## Data section
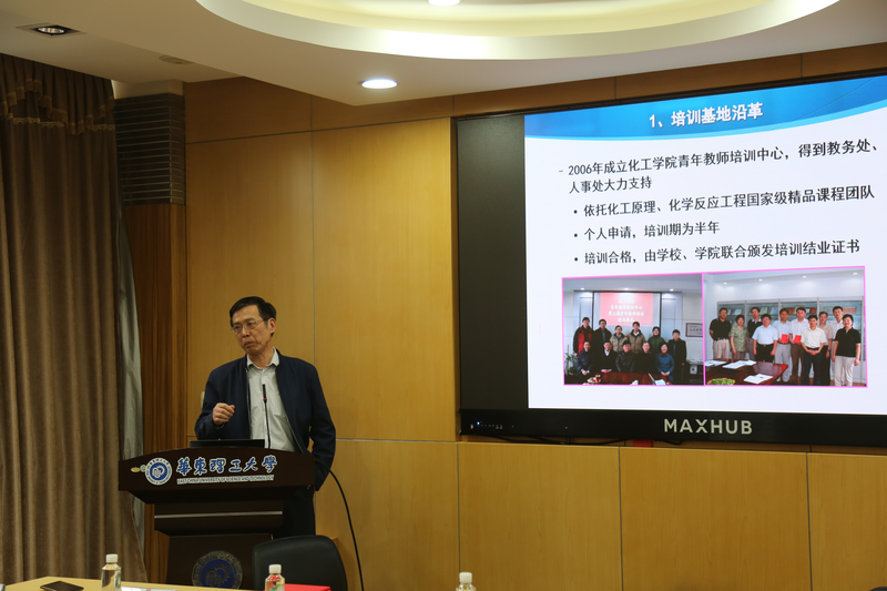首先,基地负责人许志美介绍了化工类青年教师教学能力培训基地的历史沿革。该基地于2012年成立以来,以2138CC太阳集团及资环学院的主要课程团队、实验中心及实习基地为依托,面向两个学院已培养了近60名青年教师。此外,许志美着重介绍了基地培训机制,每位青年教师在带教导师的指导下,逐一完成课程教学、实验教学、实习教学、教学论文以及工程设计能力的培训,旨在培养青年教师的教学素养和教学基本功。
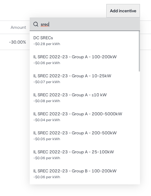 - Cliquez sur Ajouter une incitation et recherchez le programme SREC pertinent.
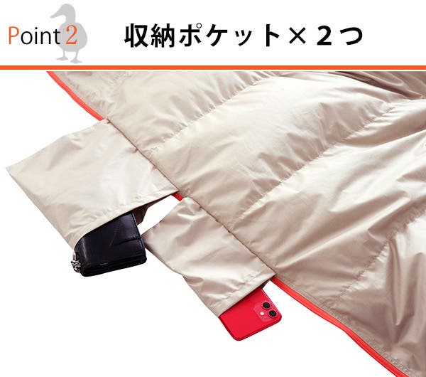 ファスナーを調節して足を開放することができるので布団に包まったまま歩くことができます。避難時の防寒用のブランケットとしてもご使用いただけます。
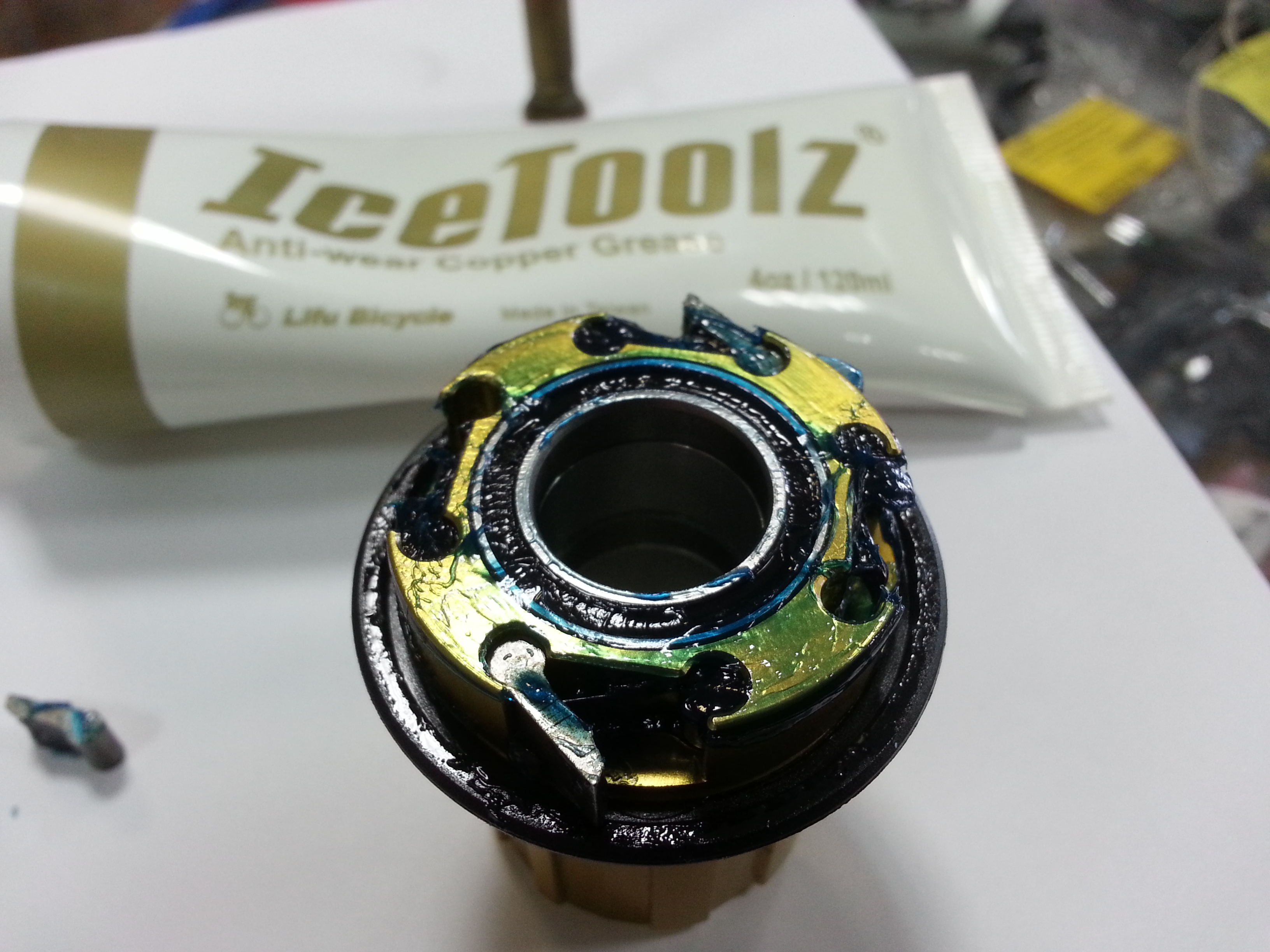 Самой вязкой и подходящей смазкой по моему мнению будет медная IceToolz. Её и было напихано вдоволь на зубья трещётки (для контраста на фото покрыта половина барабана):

## Exercise description
Write out the whole listing again, exactly, with no pictures.

## Answer space
首先,基地负责人许志美介绍了化工类青年教师教学能力培训基地的历史沿革。该基地于2012年成立以来,以2138CC太阳集团及资环学院的主要课程团队、实验中心及实习基地为依托,面向两个学院已培养了近60名青年教师。此外,许志美着重介绍了基地培训机制,每位青年教师在带教导师的指导下,逐一完成课程教学、实验教学、实习教学、教学论文以及工程设计能力的培训,旨在培养青年教师的教学素养和教学基本功。
 - Cliquez sur Ajouter une incitation et recherchez le programme SREC pertinent.
 ファスナーを調節して足を開放することができるので布団に包まったまま歩くことができます。避難時の防寒用のブランケットとしてもご使用いただけます。
 Самой вязкой и подходящей смазкой по моему мнению будет медная IceToolz. Её и было напихано вдоволь на зубья трещётки (для контраста на фото покрыта половина барабана):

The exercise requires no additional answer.